The VPN data also allows Facebook to better target its ads — much like how Google Mail and Google Chrome allows Google to better target what ads you see. By the way, Facebook isn’t the only one who is taking data from VPN mobile streams. Other data brokers buy data from other VPN apps. To be clear, just because others are doing it doesn’t make it right for Facebook to follow suit. I would love to see a US version of GDPR — a citizen data rights manifesto — to be put on the table.
How does Protect help Facebook?
Protect can tell that you browsed H&M’s North American site, visited NYTimes.com, and bought groceries on Farmstead. It can figure out how much time you spend on various sites and services and start to build a better profile of your online usage for smarter ad targeting and to place you in more and more buckets.

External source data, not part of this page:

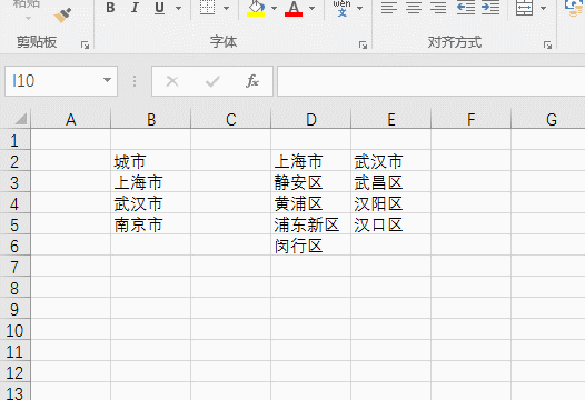excel如何实现下拉选择城市后,后续单元格能选择对应的区县?
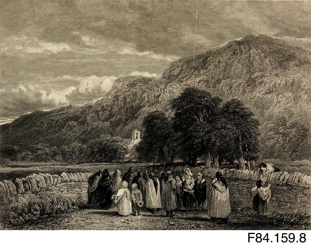 Coloured aquatint by W. H. Pyne, dated 1808. It is similar to that which appears in his book 'British Costumes' showing Welsh women washing clothes on stones by a river. One woman is using a washing bat, wearing blue apron, blue and white striped gown and white cap; the other is wearing a buff skirt and blue short gown, with red kerchief and brown hat.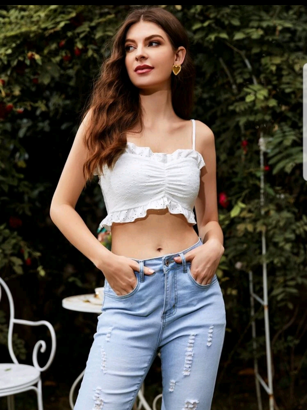 Ruffle Trim Ruched Schiffy Cami top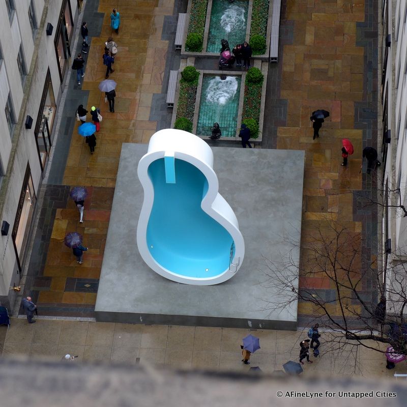 New York has seen its fair share of swimming pools, from dumpsters during Summer Streets to floating ones in the East River, Many are scattered throughout our parks and private buildings in all of five boroughs. But the sight of an upright swimming pool in the Channel Garden is sure to delight all.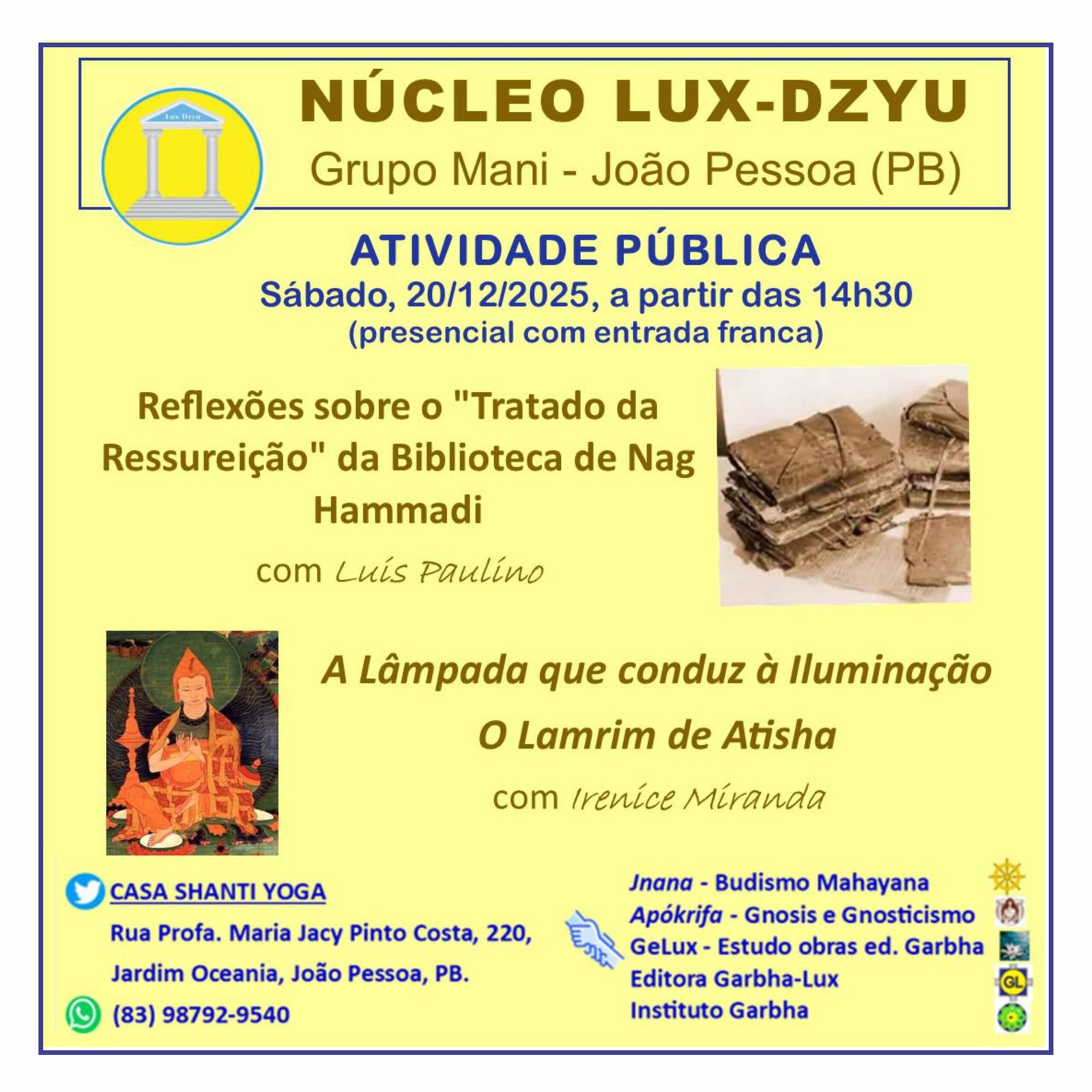 Grupo Mani promove as palestras públicas - Reflexões sobre o "Tratado da Ressurreição" da Biblioteca de Nag Hammadi - com Luis Paulino Sábado, 20/12/2025 - às 14h30 O evento é presencial e com entrada franca! Clique para obter mais informações |

In other words, Protect brings more granular and refined data into Facebook’s system, which in turn allows Facebook to refine its algorithms and become more efficient at targeting of ads. It is especially more useful in the Asia Pacific region and other emerging markets where it is pretty tricky to create buckets and hyper-targeting. Overseas users of Facebook are using the social platform on phones that are usually pre-paid phones and don’t have as much personalized information available from third party sources to create profiles. Facebook needs to find more high-value customers in the hordes of users in Asia, Africa, and LatAm.
For 2017 , worldwide ARPU was $20.21 , an increase of 26% from 2016 . Over this period, ARPU increased by 41% in Europe, 36% in United States & Canada, 33% in Rest of World, and 22% in Asia-Pacific. (From Facebook’s 2017 10k filing)
Facebook’s ultimate goal is to make it expensive to buy hyper-personalized advertising — which is the Mount Olympus of advertising — and I am not surprised that Facebook is thinking about releasing touch screen smart speakers. It will be a great way to spy — sorry, I mean acquire more continuous data about you and further bucket you for future ad targeting.
This helps keep the ARPU growing, which in turn means Facebook will keep making more money. More money, in turn, allows it to keep Wall Street happy, crush rivals, and suck up all the talent in the market. And yes, it will also accept fake accounts and spam on its platform even if it compromises elections, as long as it makes money.
That may be a very simplified version of a sequence of events, but the fact of the matter is money and obsession with growth and engagement are what makes Facebook go around. That is embedded in its psyche, its DNA, and it will never change.
Facebook’s stated mission is to connect the world. They have already done that in the US, but their subsequent actions show that their real agenda is to extract user data — not strengthen connections. Just read their 10k filing and you’ll see it in black and white.
The increase in the ads delivered was driven by an increase in users and their engagement and an increase in the number and frequency of ads displayed on News Feed, partially offset by increasing user engagement with video content and other product changes.